Hopefully this is a start to ending the worst spam but there is a long way to go.
Facebook has been awarded $711 million in damages against the infamous junk mail merchant, Sanford "Spamford" Wallace, who gained access to numerous accounts on the social website and sent phony messages to their friends. "While we don't expect to receive the vast majority of the award, we hope that this will act as a …
Having battled with Spammy's 'Cyberpromo' outfit back in the mid-1990s - I truly wish someone would manage to get legal rights to his bodily organs in lieu of payment-of-fines.
We could slice him up and auction him off on Ebay or on misc.forsale.bodyparts.transplants
But - let's face it - only the most-desperate would pay to receive an organ from a spammer. Check out the classic movie "The Hands of Orlac" for guidance on what horrors it could lead to.
How about a pair of goggles welded to his head that show pop-up ads and plug his ears at random intervals. He then has to press a 'delete' button to regain sight and hearing. Maybe he has to hit delete 100 times in a row sometimes, just like in the old Cyberpromo days. The goggles can come off when he pays all the spam fines.
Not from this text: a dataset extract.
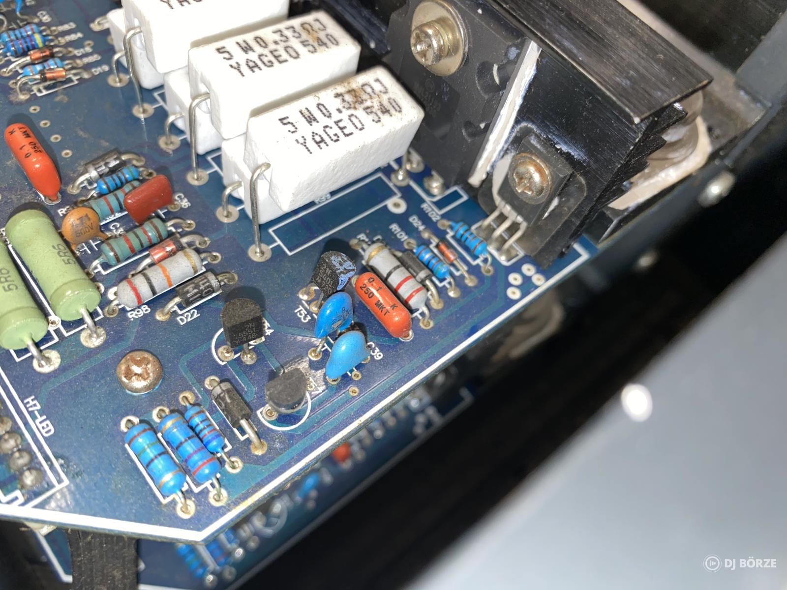 -prémium kínai és japán alkatrészek, oldalanként 10 db (Mjl21193, Mjl21194) + 12 db (MJ15024, MJ15025) nagyteljesítményű tranzisztor dolgozik +-70V alacsony teljesítményen és +-140V nagy teljesítményen.

Can't help thinking that Wallace needs treatment rather than a fine, preferably at a secure facility. There must be something behind his constant spamming other than just wanting to make a quick buck. I quite liked this 10 year old User Friendly cartoon about him:
It think these chaps are nuts asking for money as these criminals will never pay any of it. And if they think it will "serve as a deterrent", why would they think paying $0 would be any more deterrent than being told off by a school teacher?
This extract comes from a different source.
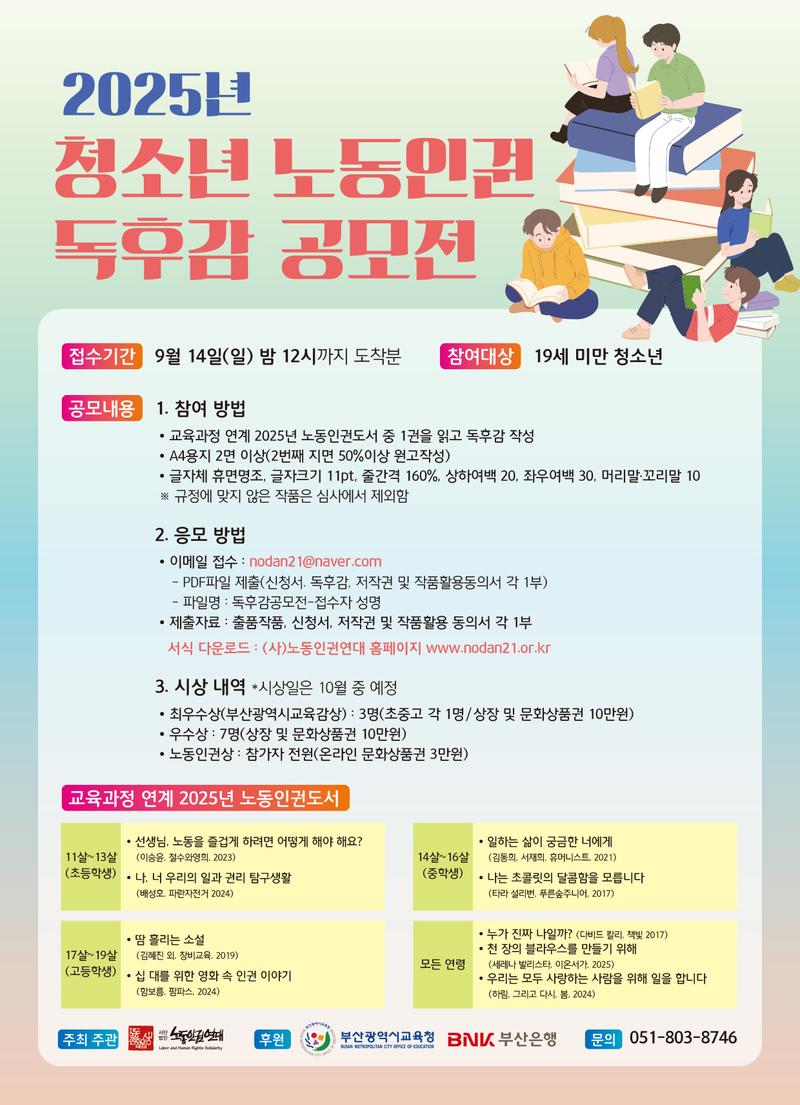 ○ 공모명 : 2025 청소년 노동인권 독후감 공모전

Request one testicle and their right hand, and make sure this is enforced! Then we have deterrents that *might* get heard.
All those whining about Facebook security need to actually read what the article says. The spamming was accomplished through obtaining account details and passwords by phishing emails.
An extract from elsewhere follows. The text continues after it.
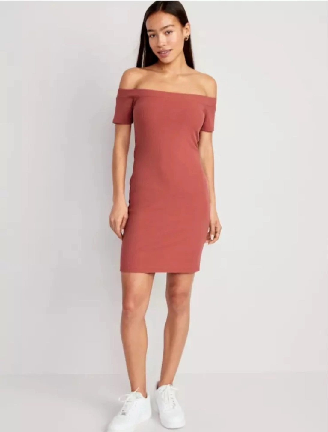 NWOT Old Navy Fitted Off-the-Shoulder Rib-Knit Mini Dress Sz S
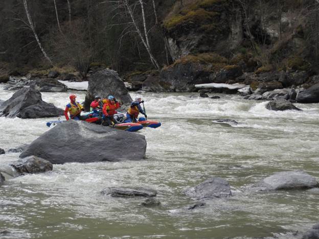 В результате прохождение на К4 было совершено вполне успешно, правда попадания в прижим избежать не удалось, но к скале катамаран был повернут носом (преднамеренно) и после столкновения со скалой катамаран слился по струе. Вывод – нужно было брать еще левее и не допускать попадания в косую бочку, уж очень она сильно и далеко отбрасывает судно в скалу

Nothing Facebook can do will ever stop this happening, as a certain percentage of their users will always be the clueless who get fooled by phishing scams.
@Crazy Operations Guy
"Perhaps they could secure their damn servers, or at least through in some filters. But then again, this is a Web 2.0 company so the words security, privacy, reliability and profit are not in their vocabularies..."
"...or at least through in some filters" - WTF does that mean?